RCSB PDB – Protein Data Bank
URL: https://www.rcsb.org
1. Purpose | The primary public archive of experimentally determined 3D structures of proteins, nucleic acids, and complexes, with tools for visualisation and analysis.
2. Content | Atomic coordinates, experimental method (X-ray, cryo-EM, NMR), resolution/validation metrics, biological assemblies, ligands/cofactors, binding sites, sequence-to-structure mappings, and annotations on interfaces and dynamics.
3. Typical Use Cases
- Find PDB structures for a protein target and inspect ligand binding or active sites.
- Compare alternative structures (different ligands, conformations, mutants, species).
- Assess model quality (resolution, R-factors, MolProbity/validation reports).
- Map sequence positions (variants, PTMs, domain boundaries) onto 3D coordinates.
- Download structures for molecular graphics or downstream analysis.
4. External Connections | Integrated with UniProt (sequence mapping via SIFTS), PubChem/ChEMBL (ligands), NCBI/Ensembl (gene/protein), Reactome/KEGG (pathways), and literature via PubMed.
TP Activity 3
Diazepam & GABA Receptor Structures
Goal
How to work
- Search for diazepam in DrugBank.
- Open the DrugBank entry and follow the link to the UniProt page of diazepam’s molecular target.
- In UniProt, explore the entry to find information about the protein sequence, function, and biological relevance. Use the worksheet as a guide.
- From UniProt, follow the links to RCSB PDB to find available 3D structures of the protein, and examine how these structures help explain its function and drug interactions.
Evaluation
- Select 4 facts from each database that were surprising or new to you.

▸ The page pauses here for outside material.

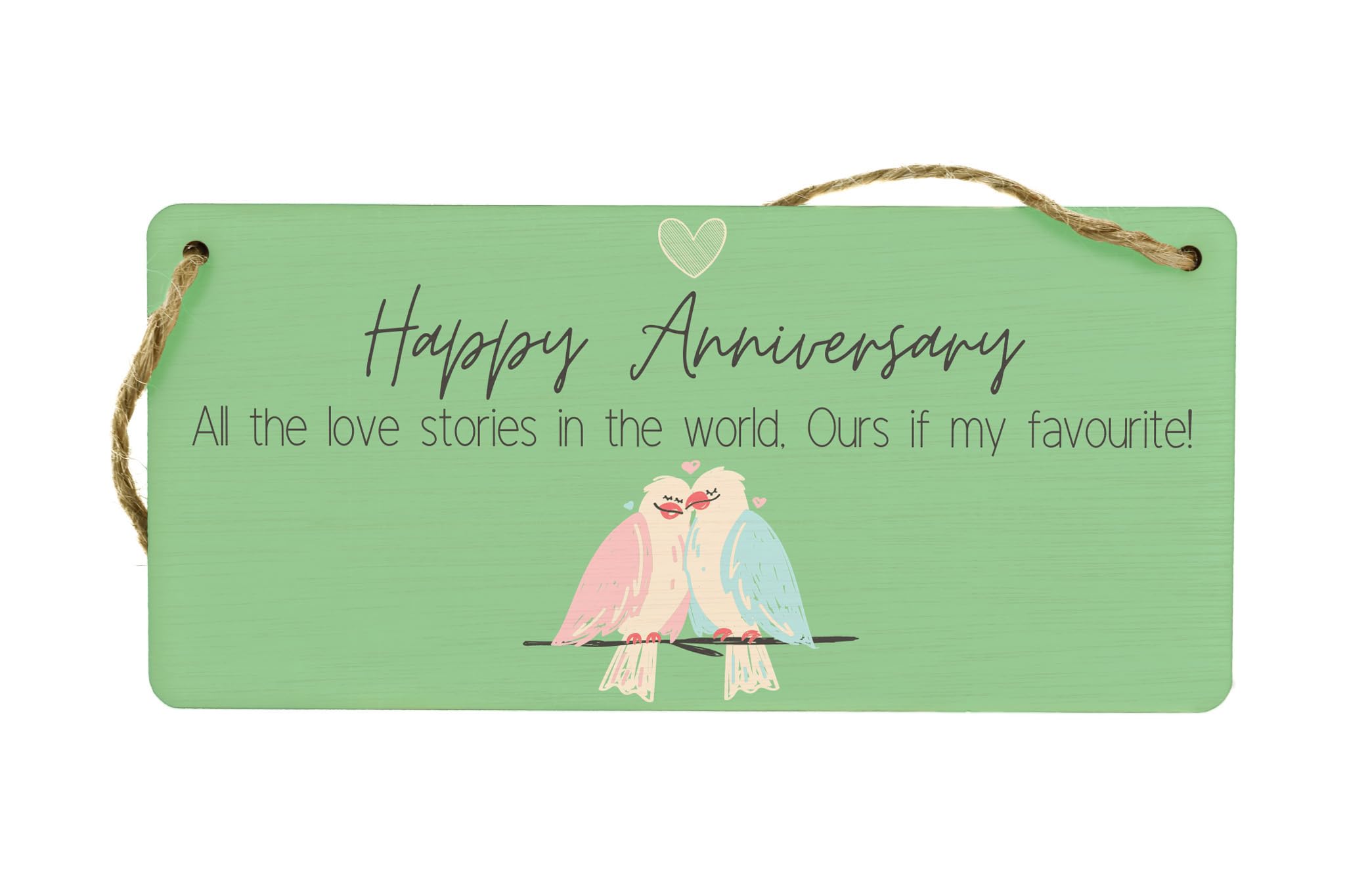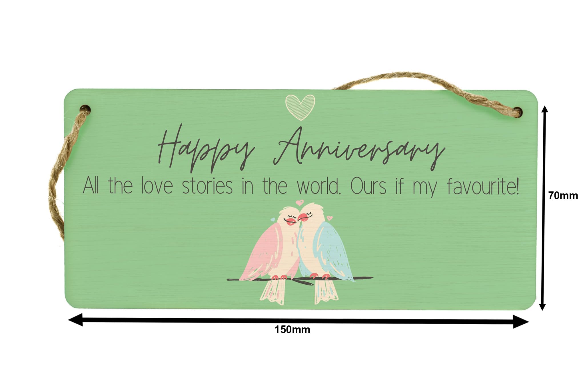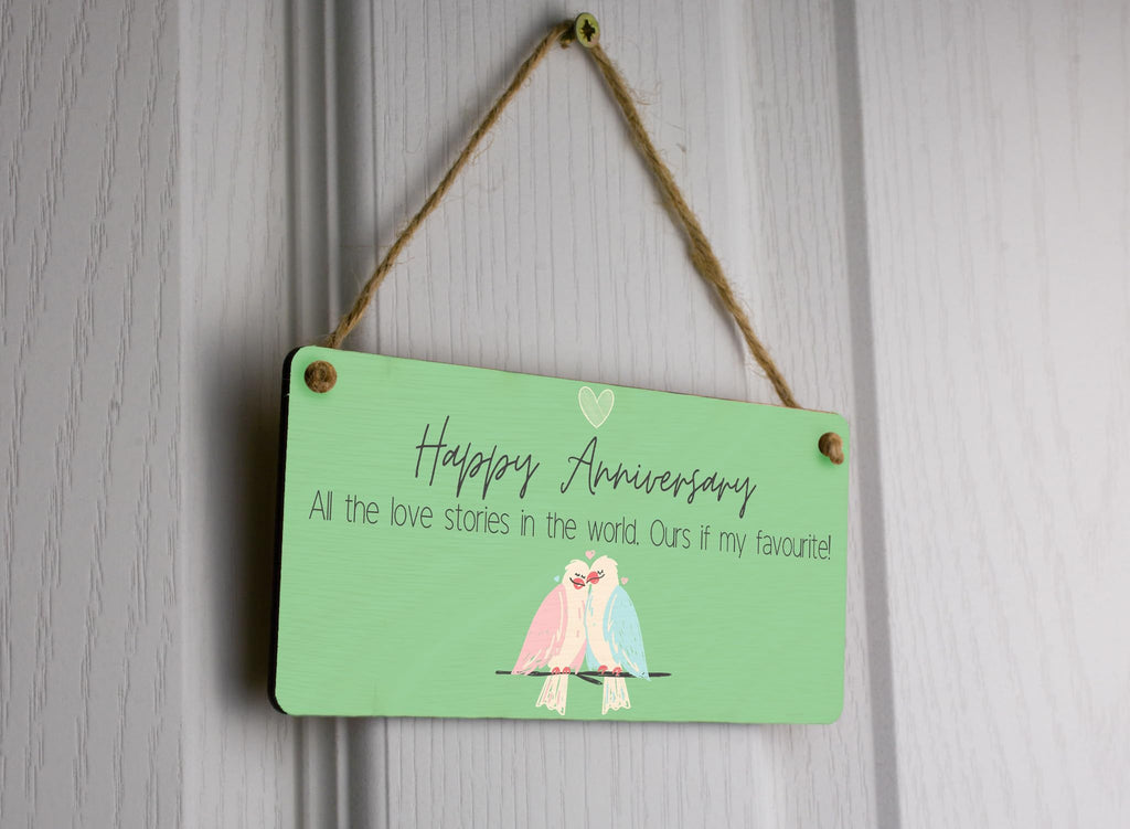 Full Colour Plywood Hanging Love Sign - All the Love Stories in the World, Ours is My Favourite - Happy Anniversary Home Decor

- For each fact, briefly explain why it was surprising or new.
- Write your findings in a Word document and submit it in the Tutoria before the end of class.
Hints
- UniProt entries link directly to PDB and other databases. Focus on information that helps you understand how diazepam interacts with its molecular target.
- Take your time to understand the type of information each database provides and be critical of the info shown.
- Ask the tutor if you have any questions.
- Discuss with your colleagues how they interpret the different sources of information, and compare with your ideas.
- Keep in mind: always use your critical thinking.